The Most Anticipated Queer Books for Spring 2026

Exciting new titles from Jeanette Winterson, T Kira Madden, Emma Copley Eisenberg, and more

Photo by Brielle French on Unsplash

Like many of you, I wake up each morning with the feeling that they’re coming for us. But then I think, they have always come for the queers. And we have always, throughout human history, stood watch all night over the fire. We have always taken care of each other, and we will keep on doing it.

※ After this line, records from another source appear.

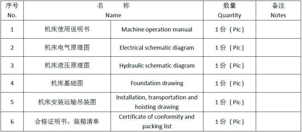 四.機(jī)床主要技術(shù)參數(shù)Main technical parameters of machine tools
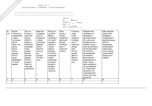 - 155Книга регистрации сообщений о преступлениях в органах Федеральной службы безопасности приема, регистрации и проверки сообщений о преступлениях и иной информации о преступлениях и событиях, угрожающих личной и общественной безопасности
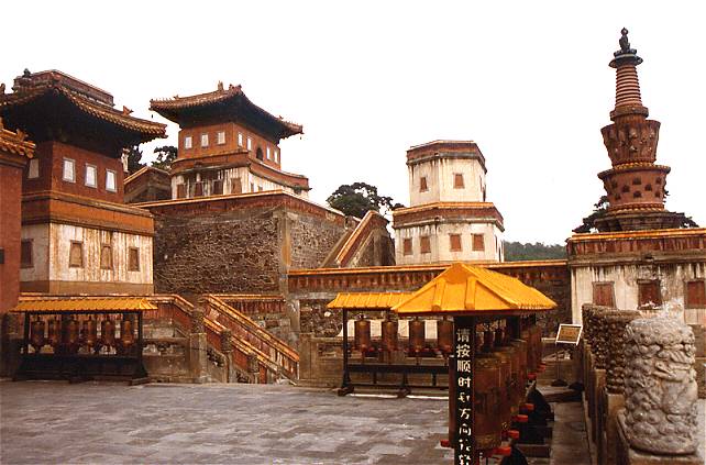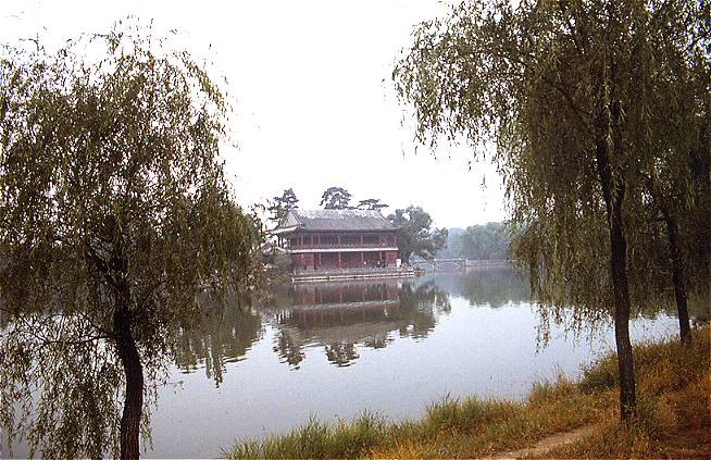 Erst gegen halb 10 hinaus in den Nebel gewagt und den eigentlichen Grund für den Ausflug nach Chengde aufgesucht: den alten Sommerpalast. Sind etwas enttäuscht, denn viele der Gebäude existieren nur mehr als Fundamente oder werden als Souvenirstände verwendet. Die ganze Anlage macht im trüben Licht des verregneten Vormittags einen recht heruntergekommenen Eindruck, das totale Fehlen westlicher Touristen verstärkt unser Gefühl der Abgeschiedenheit. Spazieren gegen Mittag Richtung Stadtzentrum und finden den Essensmarkt, auf dem wir uns an einem Stand mit dampfgegarten, fleischgefüllten Teigbällchen verköstigen - nach dem enttäuschend verlaufenen Vormittag ein echter Lichtblick. Gesättigt bestaunen wir das Angebot an Eßwaren: Obst und Gemüse (bekannt und unbekannt), Teigwaren (roh, zubereitet), Geflügel (lebend, tot, z.T. gerupft), Fisch (lebend, selten tot), Krabben, Schlangen (lebend, ausgenommen, gehäutet), aber alles ohne den sonst unvermeidlichen Fischgeruch. Verlassen das bunte Treiben, um unseren Zug zurück in die Hauptstadt nicht zu verpassen. Die Fahrt geht zuerst durch hügelige, teilweise zerklüftete Landschaft, später wird es flacher und Obstbäume und Getreidefelder bestimmen das Bild. Erst in den letzten 20 Minuten lassen sich in der hereinbrechenden Dunkelheit Hochhäuser ausmachen. Wir beziehen wieder das uns schon bekannte Hotel für eine letzte Nacht in Peking.
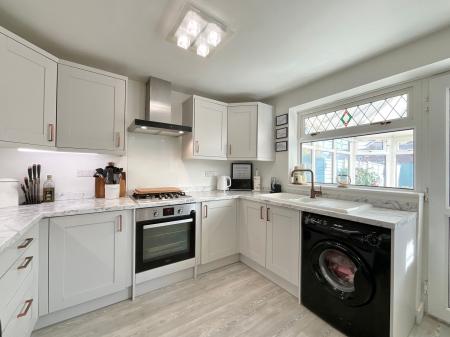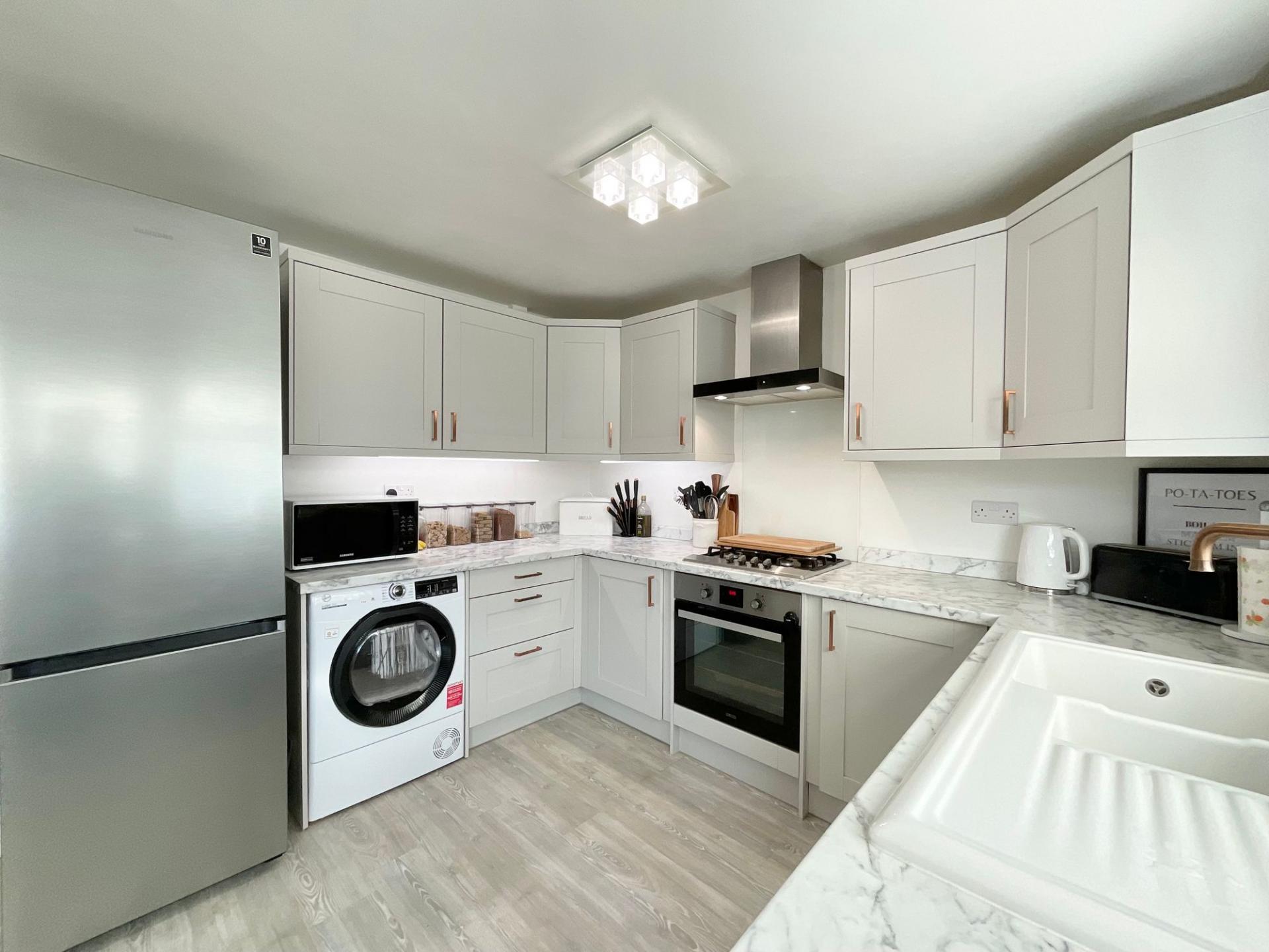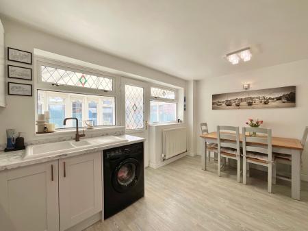 - Spacious kitchen/diner with integrated oven, gas hob, appliance space, and handy under-stairs storage cupboard.

I’ve been joking lately that I’m just going to get gayer. I’m going to make up new pronouns. I’m going to keep going out, dancing with my friends—which we call Church—and I’ll go on gay marrying my loved ones as an ordained minister with the highest of internet credentials, and I’ll watch Queer Ultimatum if I have to and Heated Rivalry because I want to, and I will honor the memories of our BIPOC queer and trans ancestors. I will fight for trans youth, and I will keep writing and sharing our stories no matter how much they try to silence or censor us.

Electric Lit’s Most Anticipated Books List was launched by Michelle Hart, who centered and uplifted LGBTQ+ writers and the queer stories that “deserve not only to be included but centered” in literary discourse. Michelle tells us, “Let these new books be a reminder: Even in the face of despair and erasure, we’re still here—reading, writing, and refusing to disappear.”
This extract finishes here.